De fato a estranheza aproximou as primeiras bandas daqui com as de lá e, se para nós o fator da língua já era algo bem interessante, para eles também. O Força Macabra, da Finlândia, é um belo exemplo da curiosidade e intercâmbio linguístico que rolaram entre os países. Formado em 91, o Força Macabra é uma banda que canta em português. Isso mesmo, uma banda da Finlândia que canta na nossa língua. Inicialmente eles tocavam punk/hardcore e hoje em dia caíram mais pro lado do crossover, e sempre citaram como influências algumas bandas brasileiras dos anos 80 como Armagedom, Lobotomia, Ratos de Porão, Dorsal Atlântica, MX, Anthares, Chakal e Sarcófago.

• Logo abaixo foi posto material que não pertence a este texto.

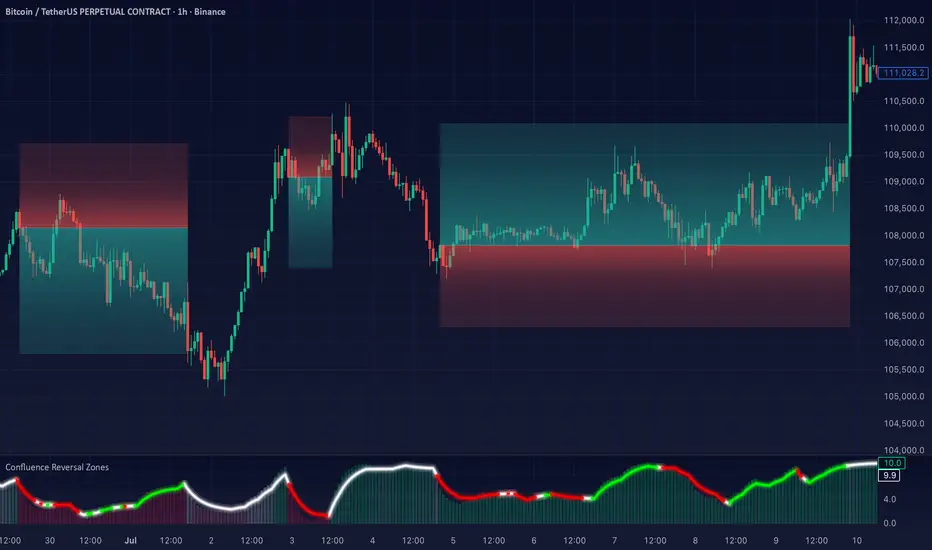 Display Mode: Hybrid - Indicator pane for confluence line + Zone overlays on price chart

A globalização e a aceleração da informação foram duas coisas bem positivas pra quem tinha sede de conhecer e ouvir coisas novas. Mas ao mesmo tempo que saciaram a nossa curiosidade em pesquisar e ir atrás para descobrir o que acontecia do outro lado do mundo, também parecem ter, de certa forma, arrancado o caráter contestador do punk que antes, por aqui e lá, era um ato político de postura e luta por ideias e ideais. De uns bons anos pra cá, é algo mais visual e pouco ameaçador. Sem afronta. Mas o velho Punk’s Not Dead ainda vale de lema. Hoje, algumas bandas ainda têm a energia, a ideologia e a resistência para manter viva a alma daquele punk/hardcore feito no início dos anos 80.
O importante é que a bandeira do punk ainda carrega princípios que, por mais que a idade chegue e o mundo se globalize, não vão perder jamais a força de combater e acreditar em algo que faça nosso coração bater acelerado ao som de riffs diretos e ávidos gritos.